Majboor () is a 1974 Indian Hindi-language suspense thriller film directed by Ravi Tandon and written by Salim-Javed. The film stars an ensemble cast of Amitabh Bachchan, Parveen Babi, Pran, Satyen Kappu, Iftekhar, Jagdish Raj, Farida Jalal and Sulochana Latkar. The plot focuses on Ravi Khanna (Bachchan), a terminally ill man who frames himself for an unrelated murder so that his family can collect the reward money. 
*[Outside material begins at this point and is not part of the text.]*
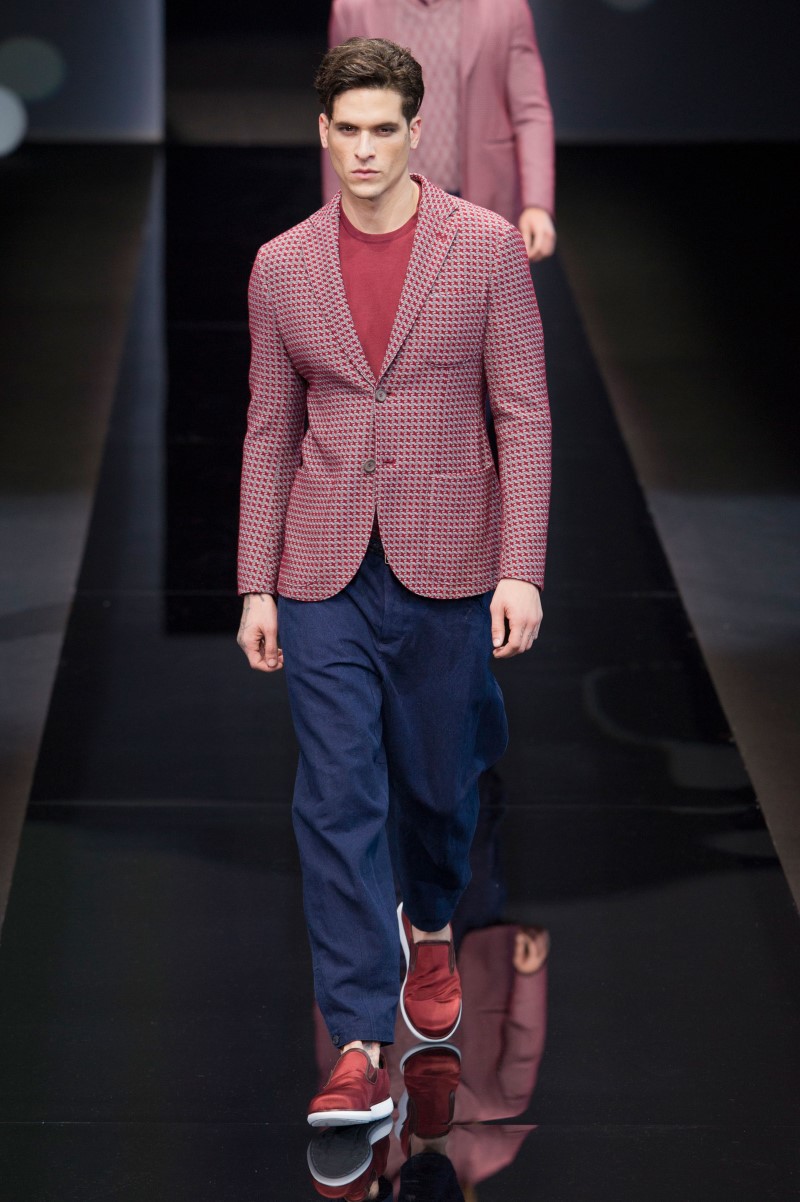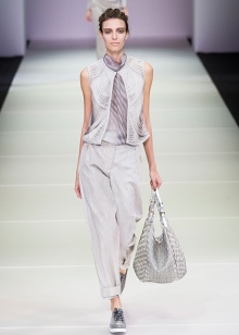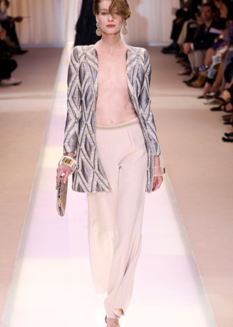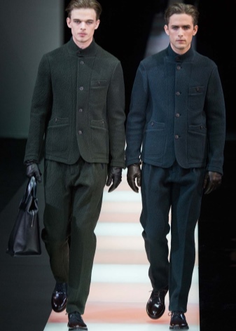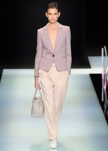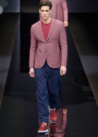 Anything inherent extraordinary simplicity. Whatever the cut, the thing must be comfortable. Thanks to innovative ideas of Giorgio Armani, a blazer appeared, then the couturier redrew the men's jacket, emphasizing the waistline and opening the chest, first began to use materials of different textures to create a fashionable set.

The movie is loosely inspired by two English movies of 1970 – Zig zag and Cold Sweat. The film was later remade in Telugu by director K. Raghavendra Rao as Raja (1976) starring Shobhan Babu and Jayasudha.  It was also remade in Tamil as Naan Vazhavaippen (1979) with Sivaji Ganeshan and K. R. Vijaya, in Gujarati as Naseeb No Khel (1982) and in Malayalam as Ee Kaikalil (1986). The movie was also an inspiration for the 2008 movie Jimmy.

Plot 
Ravi Khanna (Amitabh Bachchan) is a middle-class travel agent who lives with his widowed mother (Sulochana Latkar), wheelchair-bound sister Renu (Farida Jalal) and younger brother Billu (Alankar Joshi), and is also in a relationship with his girlfriend Neela Rajvansh (Parveen Babi). One rainy night, Ravi deals with his wealthy client Surendra Sinha (Rehman) and accepts a lift from his car. Surendra is proceeded to be mysteriously abducted and is later found dead by the police in a gutter. This leads the two murder investigators CID Inspector Khurana (Iftekhar) and Inspector Kulkarni (Jagdish Raj) to interrogate Ravi at his office. Their keen interest in Ravi makes him nervous as he is the last known person to have seen Surendra.  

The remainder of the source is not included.